2.3 Analysis methods
GCOS analysis software is supplied by Affymetrix. Signal intensities of the MM probes are adjusted using an algorithm resulting in an idealized mismatch when required, and gene expressions computed using Tukey Biweight method (Hubbell et al., 2002). Intensities are scaled by dividing an arbitrarily assigned target value (i.e. 500) by the average signal intensity as calculated for all probesets. Discrimination between PM/MM signal intensities are used to determine if a target is designated present or absent (Liu et al., 2002). GCOS was used to determine the difference in gene expression between pairwise comparisons of four tests samples versus four control RNA samples, generating 16 comparison files. Differences in signal intensity between probesets are designated as no change, increased, decreased or some marginal variation.
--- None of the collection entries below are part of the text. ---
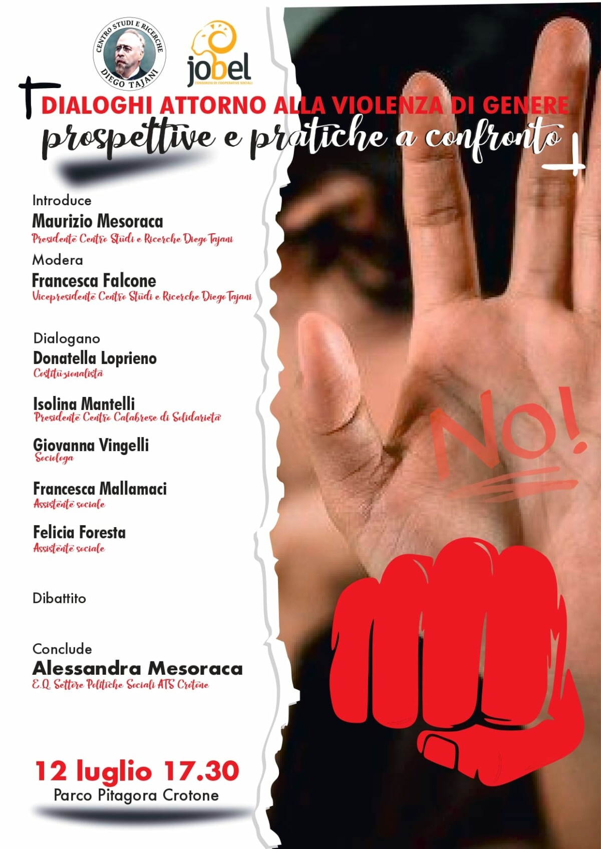 CROTONE – Si terrà il prossimo 12 luglio, alle ore 17.30, presso Parco Pitagora, un convegno sul tema “Dialoghi attorno alla violenza di genere. Prospettive e pratiche a confronto” organizzato dal Centro studi e ricerche Diego Tajani e dal Consorzio Jobel. In un momento storico in cui la violenza di genere continua a manifestarsi in forme sempre più complesse e pervasive, nasce l’esigenza di fermarsi, riflettere e co-costruire nuovi spazi di confronto tra chi opera quotidianamente e chi studia questo tema da prospettive diverse.
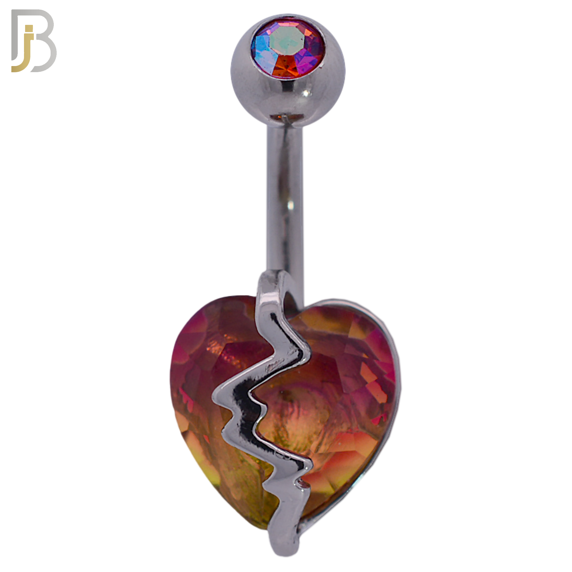 316L Stainless Steel Heart Shaped CZ and Vertical Heart Beat Strap Belly Ring and 5mm Screw Ball
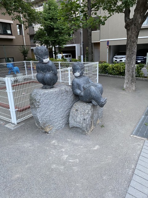 公園の銅像もマスク!

Gene expression data was also generated using our modified PM-only method. Our method is similar to RMA and dCHip, in that only PM intensities were considered as obtained from the particular Affymetrix CEL file. However, for our modified method, all probe level annotations were verified, and only those which correctly mapped to Refseq or mRNA sequences were used, and subsequently, MAS background subtraction performed (using the BioConductor MAS function). For each probeset, the final gene expression intensity is computed using Tukey Biweight method. Extreme signal intensities (outliers) across all correctly assigned probes of each probeset are identified based on the calculation of 1.5-fold of IQR [inter-quartile range, the difference between Quartile 3 (Q3) and Quartile 1 (Q1)]. Signal intensities greater than the upper fence (Q3 + 1.5IQR) or smaller than the lower fence (Q1 – 1.5IQR) were designated as outliers. In this study, we only discuss the outlier probes above the upper fence as there are approximately 30 000 probes in this category on each GenechipTM, while only about 200 probes have outlier intensities below the lower fence. All data manipulations and statistical calculations were performed using Perl scripts and R. Similar to GCOS, 16 files were generated from pairwise combinations of four test and four control hybridizations, and LOESS normalization (Bolstad et al., 2003) were performed and the log2 ratio of gene expression for each probeset were computed within each file. One sample t-test was performed based on the comparisons of all gene expression values (log2 ratio) of the same probeset among the 16 files. A P-value of 0.05 was used as a cut off value and only probesets that demonstrated statistically significant gene expression across all files (P 
0.05) regardless of the magnitudes of the values were used for further data analysis. As only those genes with consistent gene expression values in all replicates could meet the P-value cut off, this was designated the reliable gene list. Candidate genes were identified using z-score test by calculating the 95% cut off interval.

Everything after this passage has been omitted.